■ Task to carry out: Omit the pictures, then reproduce every remaining record exactly.

■ Information:
▶

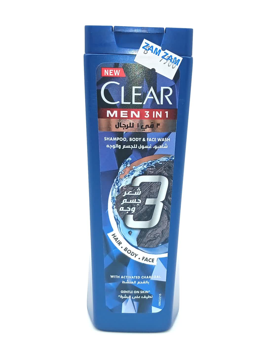 كلير شامبو للشعر وغسول للجسم والوجه للرجال 3×1 بالفحم المنشط
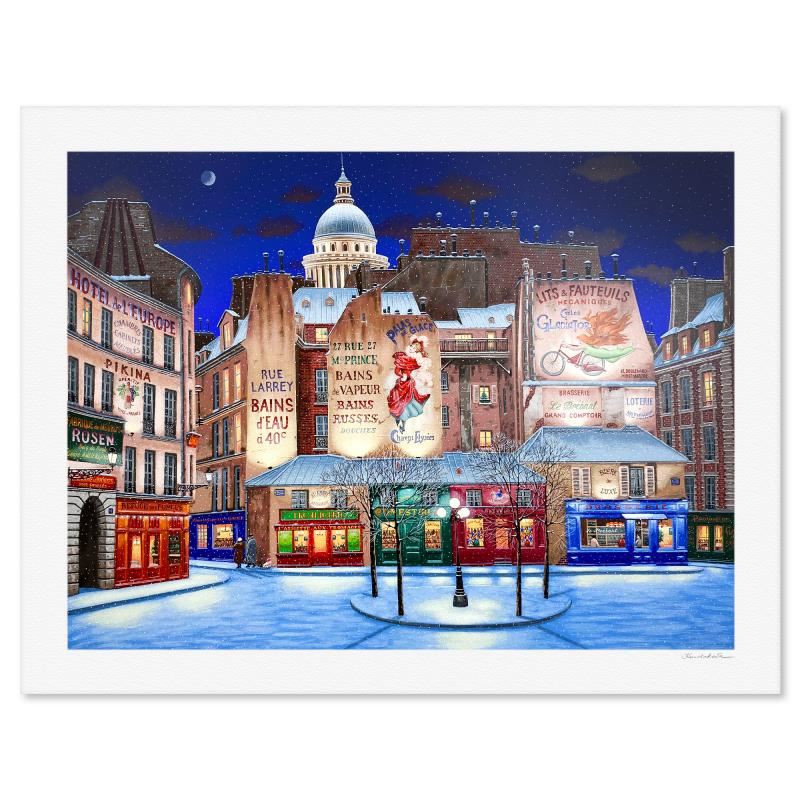 "Winter in Paris" is a limited edition serigraph on paper by Liudmila Kondakova, hand signed by the artist. Includes Certificate of Authenticity from Chalk & Vermilion Fine Arts. Measures approx. 32" x 41" (border), 27" x 36" (image).
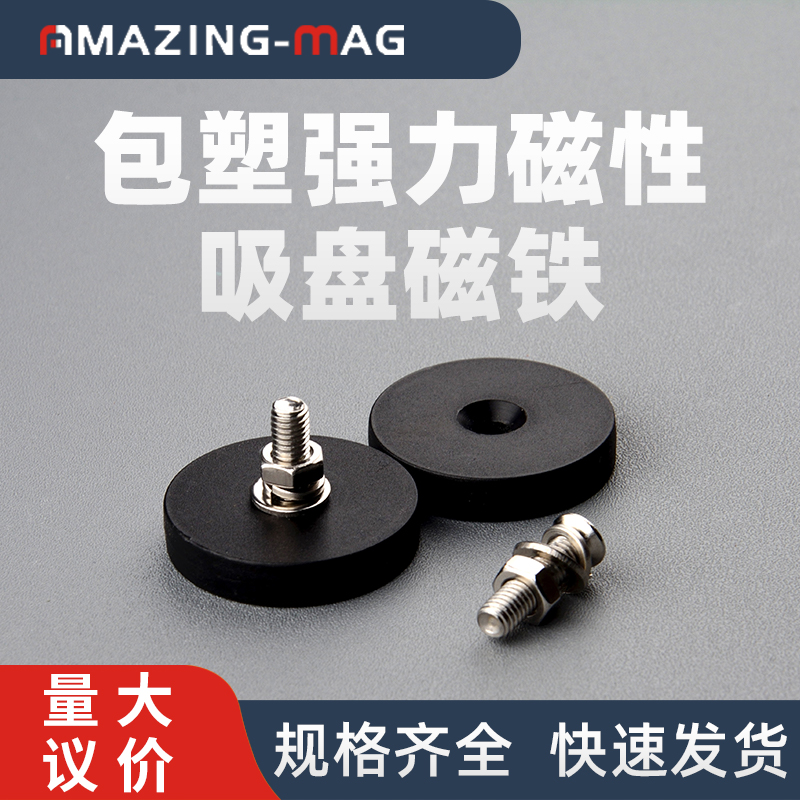 防碎防水防锈耐腐蚀户外包塑强磁铁磁锅 m3沉孔螺杆永磁吸盘底座
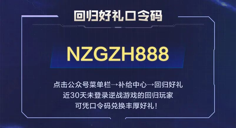 30天内,未登录逆战游戏的回归NZer,可以前往【逆战公众号】后台,点击菜单栏-【补给中心】,可凭借回归好礼口令码兑换丰厚奖励!
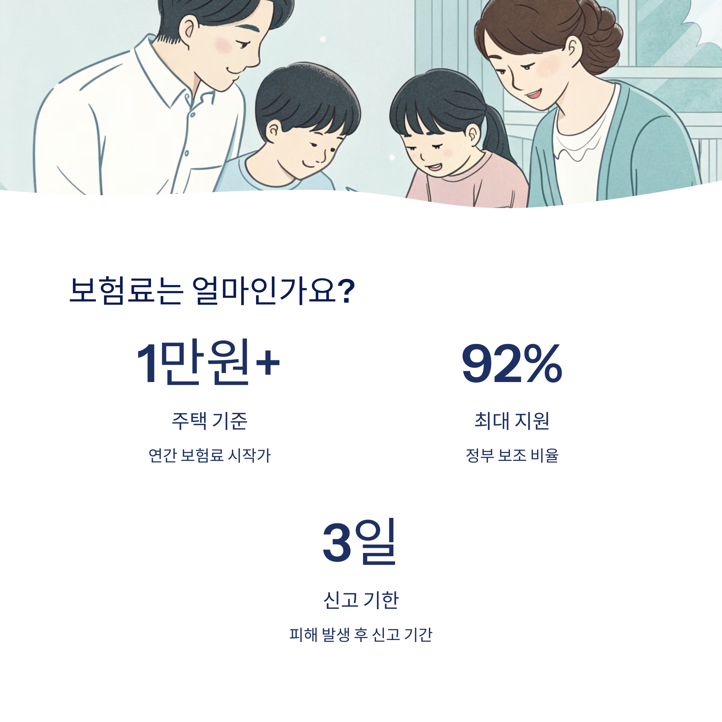 정부가 보험료의 약 50~90%를 보조해주기 때문에 누구나 부담 없이 가입 가능해요. 특히 재난취약지역이나 농촌 지역은 보조 비율이 높아 더욱 유리하죠. 주택 한 채를 기준으로 가입하면 연간 수천 원에서 몇만 원 수준으로 유지가 가능해요.
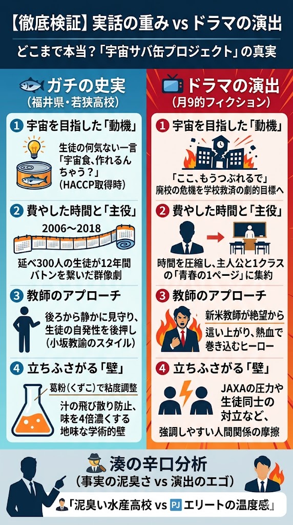| 宇宙を目指した「本当の動機」 | 2006年に高校としてHACCP(食品衛生管理)を取得した際、生徒が放った「宇宙食、作れるんちゃう?」という何気ない一言から発進。 | 「ここ、もうつぶれるで」という、学園ドラマの古典的クリシェ(廃校の危機)を導入。学校を救うための劇的な目標として設定。 |

◀

■ Result of the task:
 كلير شامبو للشعر وغسول للجسم والوجه للرجال 3×1 بالفحم المنشط
 "Winter in Paris" is a limited edition serigraph on paper by Liudmila Kondakova, hand signed by the artist. Includes Certificate of Authenticity from Chalk & Vermilion Fine Arts. Measures approx. 32" x 41" (border), 27" x 36" (image).
 防碎防水防锈耐腐蚀户外包塑强磁铁磁锅 m3沉孔螺杆永磁吸盘底座
 30天内,未登录逆战游戏的回归NZer,可以前往【逆战公众号】后台,点击菜单栏-【补给中心】,可凭借回归好礼口令码兑换丰厚奖励!
 정부가 보험료의 약 50~90%를 보조해주기 때문에 누구나 부담 없이 가입 가능해요. 특히 재난취약지역이나 농촌 지역은 보조 비율이 높아 더욱 유리하죠. 주택 한 채를 기준으로 가입하면 연간 수천 원에서 몇만 원 수준으로 유지가 가능해요.
| 宇宙を目指した「本当の動機」 | 2006年に高校としてHACCP(食品衛生管理)を取得した際、生徒が放った「宇宙食、作れるんちゃう?」という何気ない一言から発進。 | 「ここ、もうつぶれるで」という、学園ドラマの古典的クリシェ(廃校の危機)を導入。学校を救うための劇的な目標として設定。 |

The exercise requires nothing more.